The Tiny Toon Adventures cartoon was created by Tom Ruegger.  Both Warner Bros. Animation and Amblin Entertainment collaborated on the show.  Amblin Entertainment was founded by Steven Spielberg, so that’s why you often see “Steven Spielberg Presents” on the show’s title screen.  The show ran for 3 seasons and 98 episodes between September 1990 and December 1992.  The first two seasons were in syndication and the third and final season aired on Fox.  There were also three specials produced.  The show eventually stopped production to make way for Animaniacs, however re-runs continued through syndication regularly through around 2005.  The show was also a critical success, winning 7 daytime Emmy awards.

There are about 20 or so Tiny Toon Adventures video games released between 1991 and 2002.  Konami developed all of the Tiny Toon games except for one between 1991 and 1994.  (They published the other one.)  Konami was one of the most prolific developers in both quality and quantity, so this series was in good hands.  There were three NES Tiny Toon Adventures games: Tiny Toon Adventures, Tiny Toon Adventures 2: Trouble in Wackyland, and Tiny Toon Adventures Cartoon Workshop.  Tiny Toon Adventures released in both North America and Japan in December 1991, while the European release was delayed until October 1992.  It was the first console game based on Tiny Toon Adventures.

High jumps are shocking.

The story is your simple guy kidnaps girl plot.  Montana Max, one of the villains of the show, is upset because Buster Bunny wins the award for Best Student Film at the Acme Acres Animation Festival.  So, in a fit of jealous rage, Montana Max has Babs Bunny kidnapped while on her way over to Buster’s house to celebrate his win.  Now, Babs and Buster are not related, just friends, so this particular version of this old story trope seems extremely lazy to me.  Anyway, Buster Bunny, along with help from Plucky Duck, Dizzy Devil, and Furrball, set out on a journey to save Babs.  There are six stages in this game you will have to complete to beat the game.

Tiny Toon Adventures is a platformer with standard controls.  Use the D-pad to walk around Left or Right.  The A button is for jumping, and if you hold A you get a big height boost after bouncing off an enemy.  You duck by holding Down.  The B button is mostly used for running when it is held down.  While running, press Down to do a slide maneuver.  There are also swimming controls.  Tap the A button to rise in the water and hold Up and press A to jump out of the water.  You can also shoot whirlpools underwater with the B button to fend off underwater enemies.

There are a few items that will help Buster and his friends.  Carrots are the standard collectible in this game.  There’s a counter for them on-screen and you can hold up to 99 of them.  Other items are found in balloons that appear periodically.  Leap into the balloon to pop it and reveal the item inside.  The most common item is the Toon-a-round, a ball with a star shape on it.  Collect this to change characters to either your designated partner or back to Buster.  Hearts give you an additional hit point from the bad guys.  Collecting a second heart while already having one gives you an extra life instead.  There is also a stopwatch that freezes the enemies temporarily.

Plucky can fall slowly and swim well.

At the start of each stage, you speak with Shirley the Loon who helps you pick your partner for the upcoming stage.  Sometimes, if you wait long enough, Shirley will recommend the best character to pick for the upcoming stage.  Each character plays similarly to Buster with some additional moves.  Plucky Duck can glide in the air by tapping A repeatedly.
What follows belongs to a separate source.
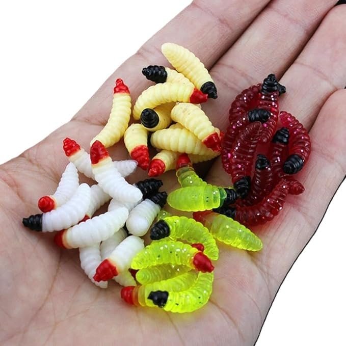 Futaba Soft Silicone Maggot Worm, Artificial Bread Worm Fishing Lures – Pack of 125

He is also a more effective swimmer than the others.  Dizzy Devil cannot slide, but he has a special spin attack when B is pressed.  There is a little meter that ticks down while spinning and you have to let the meter recharge before performing another spin attack.  Furrball can climb walls.  Push into the wall to grab on, then press A to hop up the wall.  Press the opposite direction and jump to leap away from the wall.

Hamton the Pig plays a useful role in this game.  Instead of being a playable character, he hangs out in a shop of sorts.  In some stages you will find a door to a room.  Go inside to pay a visit to Hamton.  He will exchange every 30 carrots into an extra life.  These are optional rooms of course but every little bit helps!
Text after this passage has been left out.